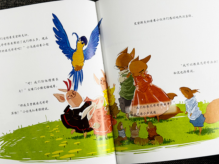 小松鼠布鲁不喜欢和其他小动物说话,因为爸爸妈妈也不喜欢和布鲁说话。他把自己关在屋子里,一直画个没完。怎么办?爸爸妈妈很着急,找来小动物们寻求帮助,小猪叫布鲁一起吃美味的果酱,小兔子叫布鲁跳舞,鹦鹉叫布鲁唱歌……
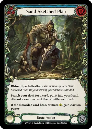 Sand Sketched Plan 라이나르 특화 덱에서 원하는 카드를 한 장 찾아 패에 넣고, 무작위 카드를 한 장 버린 뒤, 덱을 섞습니다. 버려진 카드가 6 이상의 을 가지고 있을 경우, 액션 포인트를 2 얻습니다.
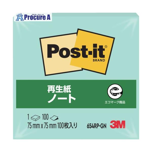 3M ポスト・イット 75X75mm 100枚 グリーン ▼108-8234 654RP-GN 1パック

•••••

Keep the pictures out of your answer, which should be the lines from the one with "Sand Sketched Plan" through the final line of the data, copied exactly.

 Sand Sketched Plan 라이나르 특화 덱에서 원하는 카드를 한 장 찾아 패에 넣고, 무작위 카드를 한 장 버린 뒤, 덱을 섞습니다. 버려진 카드가 6 이상의 을 가지고 있을 경우, 액션 포인트를 2 얻습니다.
 3M ポスト・イット 75X75mm 100枚 グリーン ▼108-8234 654RP-GN 1パック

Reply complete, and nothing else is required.